The stories of the cowboys of the Israelites and the daughters of Zelophehad, included in Torah in such detail, speak to the importance of the next generation, and of their desire and ability to change norms and expectations, as well as their willingness to bend when persuasive needs and desires of others arise.

And that Moses allows, even aids, in changing his earlier rulings and God’s previous instructions, adds to the long list of what we can learn from him (and from God) about law, leadership, and life.

I like it that we read these stories of change — of a different generation of Israelites with different needs and desires — stretching the boundaries of what it means to be a Jew during these three weeks on the Jewish calendar. An embedded lesson, reminder, that Judaism itself, though it daily calls on us to remember our past, does not ever call on us to live in the past, but rather to live in the present and look to the future, ready and willing whenever necessary to make changes — compromises and promises — that allow us to adapt to the places we are going and the lives we want to live.

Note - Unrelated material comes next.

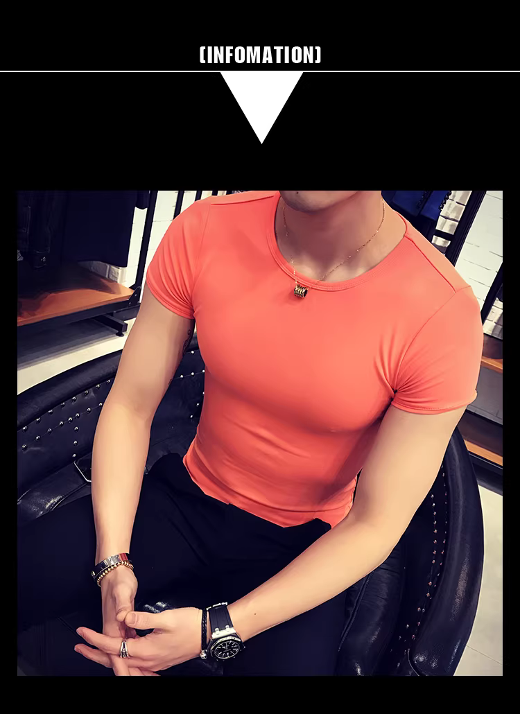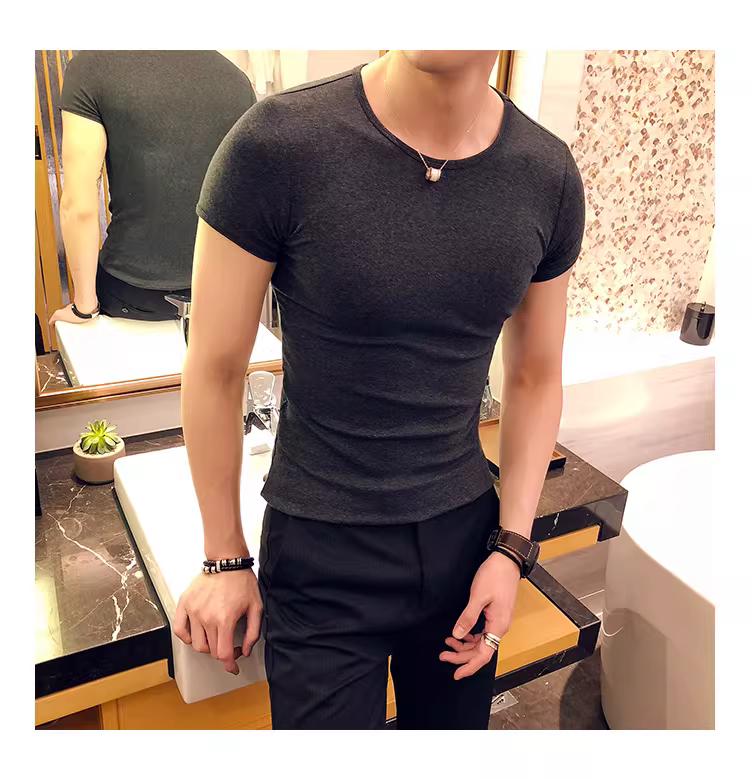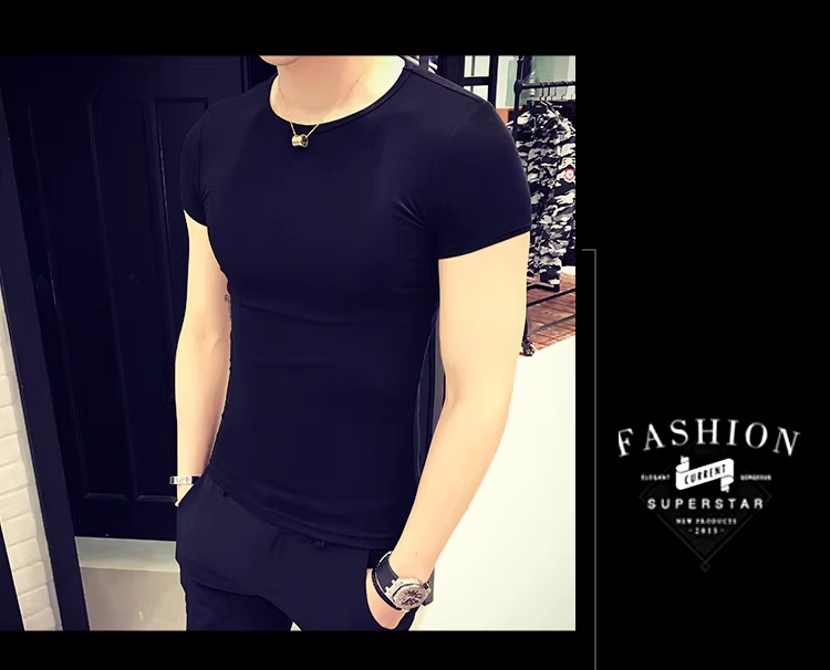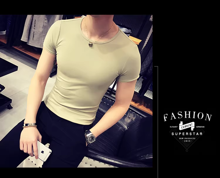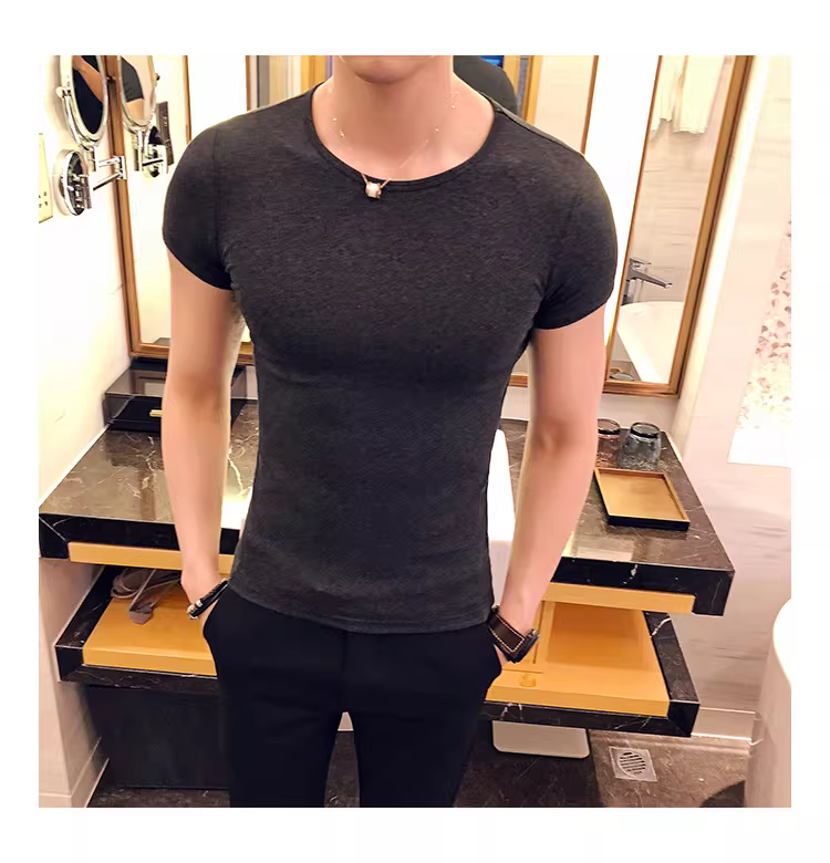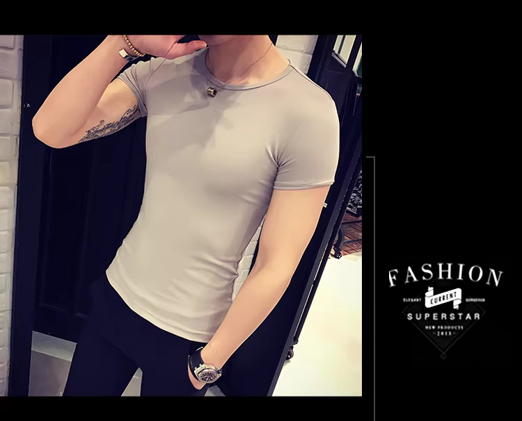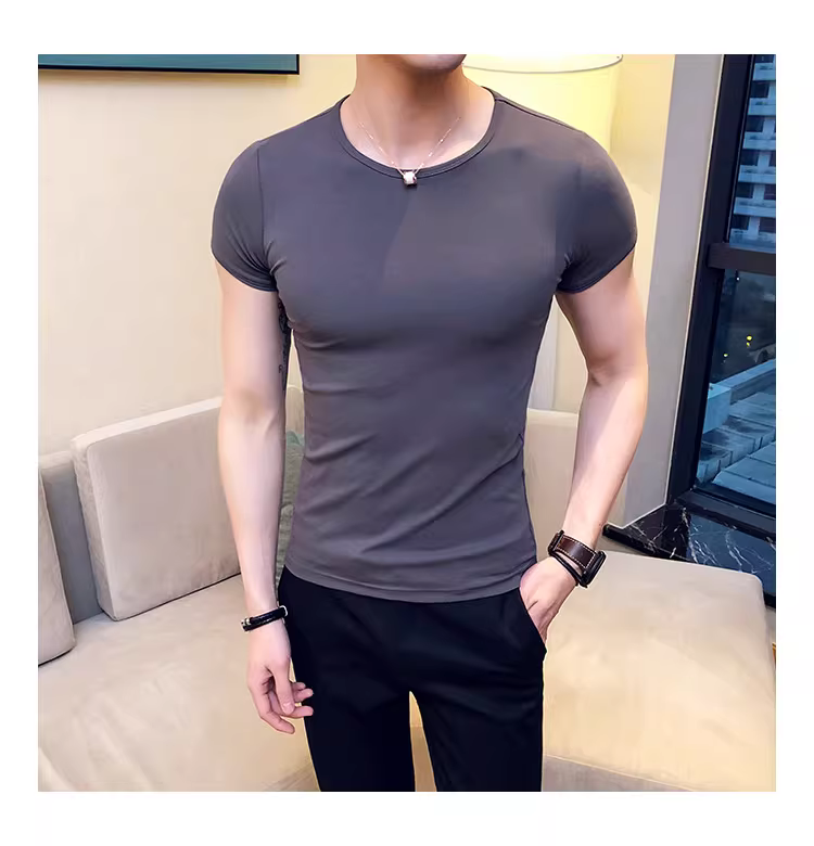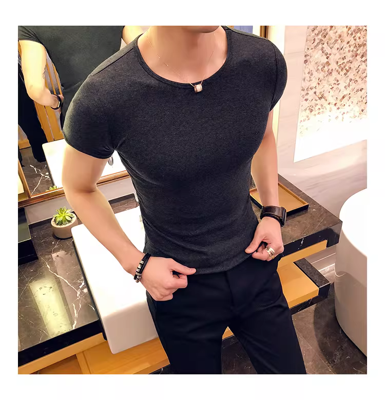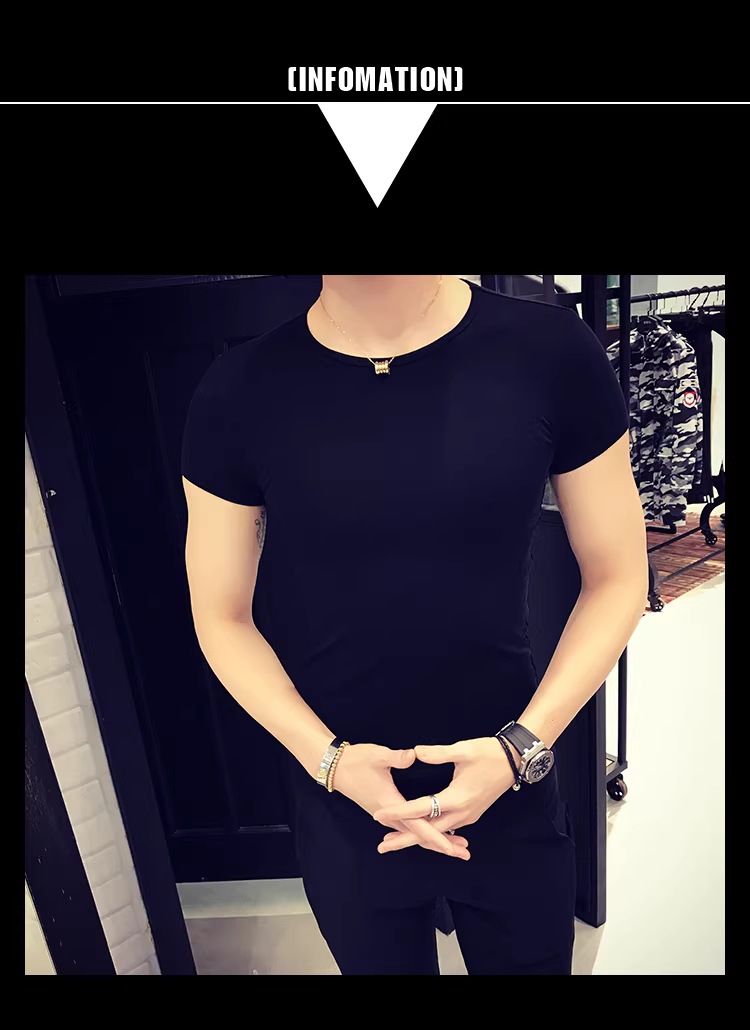 - Áo thun nam ngắn tay bó sát, kiểu dáng mùa hè mới, chất liệu cotton mỏng mát như băng, áo thun cao cấp ôm sát chất liệu lụa đá.

The custom when Jews complete reading a Book of Torah is to recite the phrase, Chazak, chazak, v’nitchazeik, “Be strong, be strong, and let us strengthen one another.” The phrase seems especially appropriate in these weeks and in these months — in this curious and challenging time in our history. Shall we say it together?

Chazak, chazak, v’nitchazeik, “Be strong, be strong, and let us strengthen one another.”